More products will be released simultaneously

NVIDIA officially launched its new CPU "Vera" and GPU "Rubin" for AI data centers. While related plans had been announced previously, CEO Jensen Huang formally unveiled these products during his keynote address in Las Vegas on January 5th.

In addition, the company also released high-speed networking products, such as the NVLink 6 switch (allowing rack expansion using Vera and Rubin), ConnectX-9 SuperNIC, BlueField-4 DPU, and Spectrum-6 Ethernet switch (allowing rack expansion within data centers).

Rubin is the successor to the current generation of GPUs, "Blackwell" (NVIDIA B300/B200/B100), employing a completely new GPU architecture and HBM4 memory. According to NVFP4 calculations, Blackwell achieves 10 PFLOPS of AI inference and training performance, while Rubin achieves 50 PFLOPS of inference performance (a 5x speedup) and 35 PFLOPS of training performance (a 3.5x speedup).

NVIDIA officially announced Vera, an Arm-based CPU featuring 88 custom-designed Olympus cores; and Rubin, a GPU designed for AI data centers, which will succeed the current Blackwell (B300/B200/B100) products.

Named after renowned American scientist Cooper Rubin, the Rubin GPU utilizes the Rubin architecture, offering more efficient AI computing compared to the Blackwell architecture. It also features new HBM4 memory technology, sixth-generation NVLink, confidential computing capabilities, and the RAS engine, enhancing platform-level performance and security.

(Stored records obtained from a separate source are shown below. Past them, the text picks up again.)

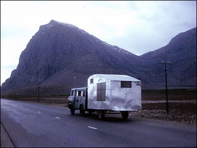 در جاده های جنوب ایران با کاروانی که دیوید داون خود آن را ساخته بود. اولین سفر او به ایران در سال ۱۹۵۸ به همراه همسر و چهار فرزندش بود. بعدها همسرش "گلدی داون" شرح مشاهدات خود را در کتابی به نام "۲۱ هزار مایل ماجراجویی" منتشر ساخت.
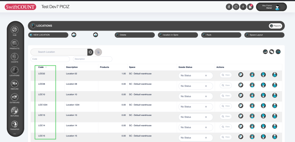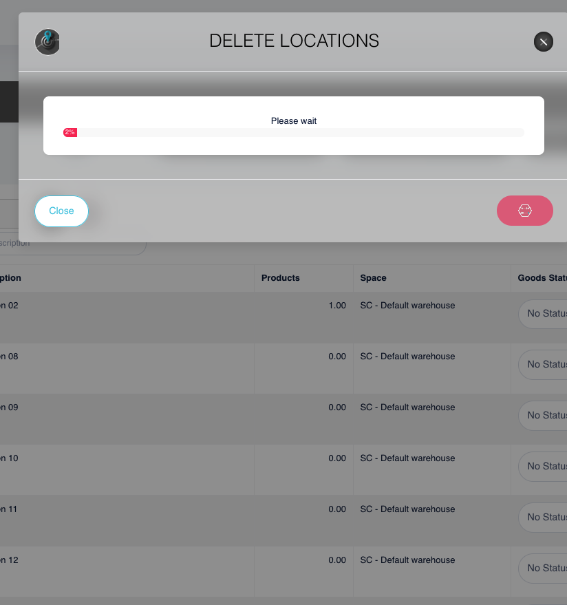 - Only locations with no stock, no products assigned as primary, and no historical movements will appear for deletion.
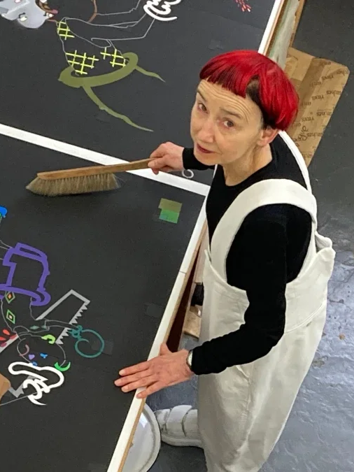 Oona Grimes is a London based artist renowned for her work in drawing, clay and film. She merges flattist collage, print and painting with sculptural objects and filmed performances, crafting a unique and personal universe. Grimes’s work reflects a deep obsession with language, exploring its beginnings and ends, and the nuances of learning and losing it. Her characters often represent the unseen and the unlovely, wrapped in fuzzy felt drawings that blend Commedia dell’arte slapstick with comic strip aesthetics. During her 2018 Bridget Riley fellowship at the British School at Rome, Grimes researched Etruscan tomb paintings and the Neorealist cinema, creating mis-remembered re-enactments that physically integrate her into the film frame. Grimes graduated from Norwich School of Art [1986] and the Slade School of Fine art [1988]. She was awarded the Bryan Robertson Award in 2022 and elected to the Royal Academy in 2023. Recently a visiting lecturer at the Royal College of Art and Ruskin School of Art, Oxford University.
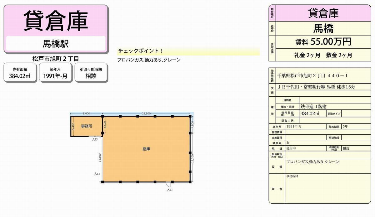 千葉県松戸市旭町2-440-1 (馬橋) 馬橋 貸倉庫 詳細データ
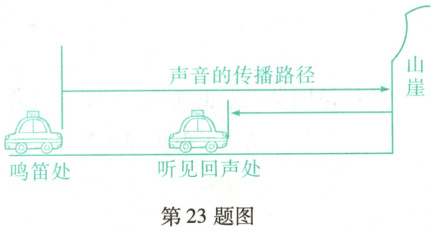 (3)当司机再次鸣笛刚好听不到回声时,声音传播的路程s'_声 = v_声t' = 340 m/s × 0.1s = 34m,车行驶的路程s'_车 = v_车t' = 20 m/s × 0.1s = 2m,刚好听不到回声的鸣笛处到山崖的距离$s' = \frac{s'_声 + s'_车}{2} = \frac{34 m + 2 m}{2} = 18m,$汽车需要向前行驶的路程s''_车 = s - s' = 360m - 18m = 342m,汽车需要向前行驶的时间$t'' = \frac{s''_车}{v_车} = \frac{342 m}{20 m/s} = 17.1s。$
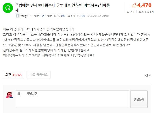 11. 가장 좆같은 건 얘때문에 공익으로 갈 수 있는 신검 4급 기준이 강화됐다. 이 새기때문에 진짜 골골거리는 병신들도 현역 간다.
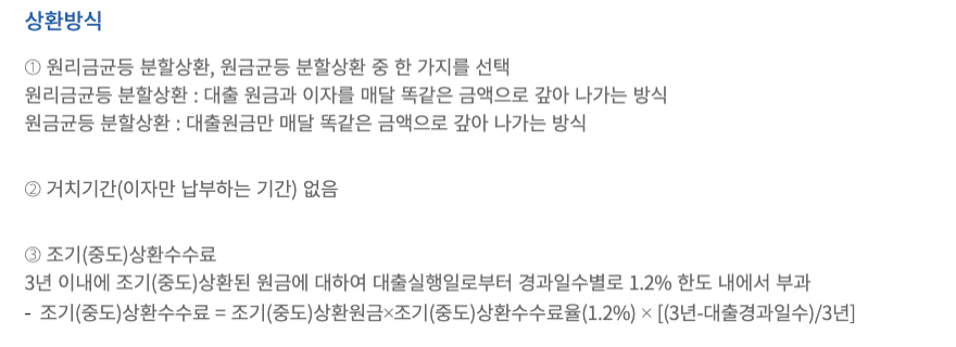 이자만 납부하는 거치기간은 없으며 3년 이내에 조기 상환 시 중도 상환된 원금에 대하여 대출실행일로부터 경과일수별로 1.2% 한도 내에서 수수료가 부과됩니다.

These improvements reduce the cost per token for inference by up to one-tenth and the cost per token for training by up to one-quarter when using NVIDIA's advanced inference models and MoE (Expert Hybrid) models for implementing agent AI.

Compared to the previous generation Blackwell (likely the B200 found in the GB200), Rubin's NVFP4 inference performance is improved to 50 PFLOPS, a 5x performance increase; training performance is improved to 35 PFLOPS, a 3.5x performance increase (Blackwell's performance in both metrics is 10 PFLOPS). HBM4's memory bandwidth is 22 TB/s, 2.8 times that of Blackwell; and the NVLink bandwidth per GPU is 3.6 TB/s, a two-fold performance increase.

On the other hand, Vera is an Arm CPU featuring 88 custom-designed Olympus cores from NVIDIA. It supports NVIDIA's proprietary Spatial Multi-threading (SMT) technology, enabling it to function as a 176-thread CPU. It can be equipped with 1.5TB of LPDDR5X memory (three times the capacity of the previous generation Grace), based on the SOCAMM data center memory module standard, with a memory bandwidth of 1.2TB/s.

Like the Blackwell series, each Vera Rubin module will contain one Vera processor and two Rubin processors. Additionally, the Vera Rubin NVL72 will be launched, a scalable solution integrating 36 Vera Rubin processors into a single rack. The Vera Rubin NVL72 is equipped with an NVLink 6 switch supporting the sixth-generation NVLink protocol, and a single rack can accommodate 36 Vera CPUs and 72 Rubin GPUs.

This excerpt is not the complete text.